The KMT2A gene, initially identified as the MLL gene located at chromosomal position 11q23 [2], was subsequently characterized by several other laboratories in 1992 and 1993. Due to its homology with the Drosophila Trithorax protein, it was designated as the “Trithorax-like gene” [3], “ALL-1” [4], and the human homolog of Drosophila Trithorax, “HRX” [5].
In 1996, two independent labs elucidated the complete gene structure of KMT2A. Using cloned radiolabeled cDNAs, Carlo Croce’s and our laboratory generated slightly differing provisional gene structures [6, 7]. Notably, the presence or absence of KMT2A exon 2 varies in public databases (NCBI: NG_027813; ENSEMBL: ENSG00000118058).

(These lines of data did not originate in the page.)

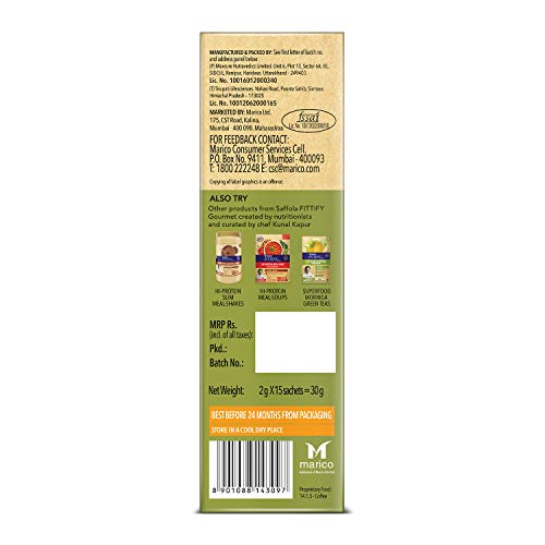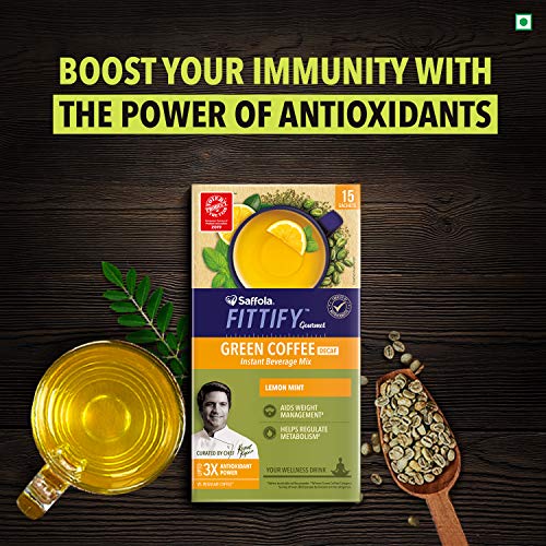 Saffola Fittify Gourmet- Green Coffee instant beverage mix helps support immunity, aids in weight management (refer pack) and also helps regulate metabolism, making it a healthier beverage to include in your everyday diet. It is made from unroasted green coffee beans that has up to 3X antioxidant power in comparison to regular roasted coffee, making it the healthier coffee. This healthy instant coffee mix is available in 5 refreshing flavors of Lemongrass Lavender, Lemon Mint, Ginger Basil, Classic Strong Coffee & Classic Coffee. It comes in easy to carry sachets and even easier to make, making it a perfect wellness drink that can be consumed any time of the day. Empty the Green Coffee powder sachet into a cup, add 150ml of hot water, stir well and dissolve. You either consume it hot or you can have it as a cold brew. At Saffola FITTIFY Gourmet, we believe in adding more nutrition to your food and more flavor to your life. With this motto, our range has been carefully created by nutritionists and curated by Chef Kunal Kapur to combine the best of taste with health for a slimmer fitter life.
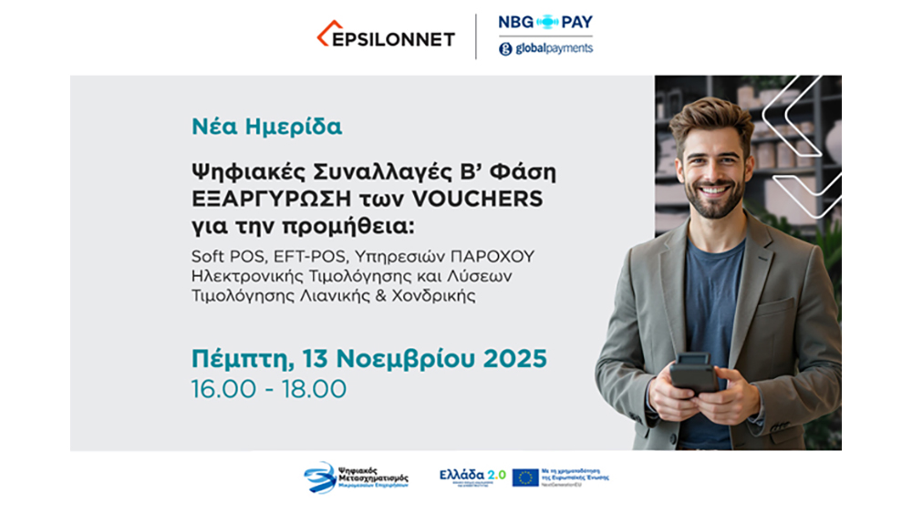 Η NBG Pay και ο Όμιλος EPSILONNET, με την υποστήριξη της Εθνικής Τράπεζας, διοργανώνουν την Πέμπτη, 13 Νοεμβρίου 2025, από τις 16:00 έως τις 18:00, διαδικτυακή ενημερωτική Ημερίδα με θέμα: «Ψηφιακές Συναλλαγές Β’ Φάση – Εξαργύρωση Ψηφιακών Επιταγών (Vouchers)». Η πρωτοβουλία εντάσσεται στο πλαίσιο της στρατηγικής των δύο εταιρειών για τη στήριξη των μικρομεσαίων επιχειρήσεων και των ελεύθερων επαγγελματιών στον δρόμο προς τον ψηφιακό μετασχηματισμό τους.
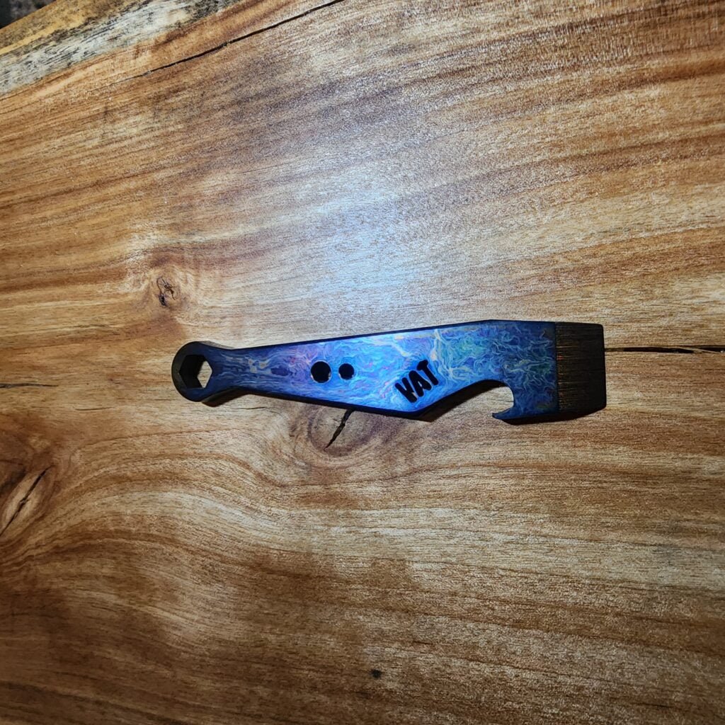 This miniature pry bar has been individually heat treated by hand for a unique one-of-a-kind appearance.

However, a quantitative RNA-Seq data analysis demonstrated that KMT2A exon 2, spanning only 99 bp, is as frequently observed in RNA-Seq data as neighboring KMT2A exons 1 (431 bp) and exon 3 (70 bp), indicating that it is rarely spliced out. ENSEMBL lists exon 2 only in two full-length transcripts of KMT2A (ENST00000531904 and ENST00000649666).
In addition to the discrepancies concerning KMT2A exon 2, a recent experimental analysis unveiled a previously unidentified “exon 22” situated within intron 21 of KMT2A. This newly discovered KMT2A exon 22 has been documented in the ENSEMBL database (ENST00000691053), indicating its potential incorporation into rare and alternatively spliced transcripts.
Since public databases do not yet faithfully represent the correct KMT2A gene structure, we advocate for an updated KMT2A gene structure comprising a total of 38 exons for the scientific community. Additionally, we provide precise nucleotide positions of all KMT2A exons and introns on chromosome 11, based on the GRCh38/hg38 human reference genome, in a Supplementary Data File.
Description of the KMT2A gene and its alternative splice products
As illustrated in Fig. 1a, the KMT2A gene comprises 38 exons, including the 5’- and 3’-unstranslated regions (UTR), distributed across a 90,375 bp region at 11q23.3. The core of the major breakpoint cluster region (BCR1) lies between KMT2A exons 9 and 12 (90,85%), flanked by fewer breakpoints located at adjacent up- or downstream exons and introns (6,94%), while breakpoints in the minor BCR2 are mostly located between KMT2A exons 21–25 (1,85%). Breakpoints outside these areas are rare but do exist (0,42%). Figure 1a highlights also the 2 additional exons, which are both absent in the Mane (Matched Annotation from NCBI and EMBL-EBI) transcripts provided by public databases. In Fig. 1b, the 5’UTR, intron•exon and exon•intron juctions, as well as the 3’-UTR extremities of all 38 KMT2A exons are depicted by short sequence stretches, aiding in the identification of corresponding exons during sequence analysis or comparison to public databases. Based on these data, alternative splicing rarely occurs for KMT2A exon 2, but frequently for KMT2A exon 22.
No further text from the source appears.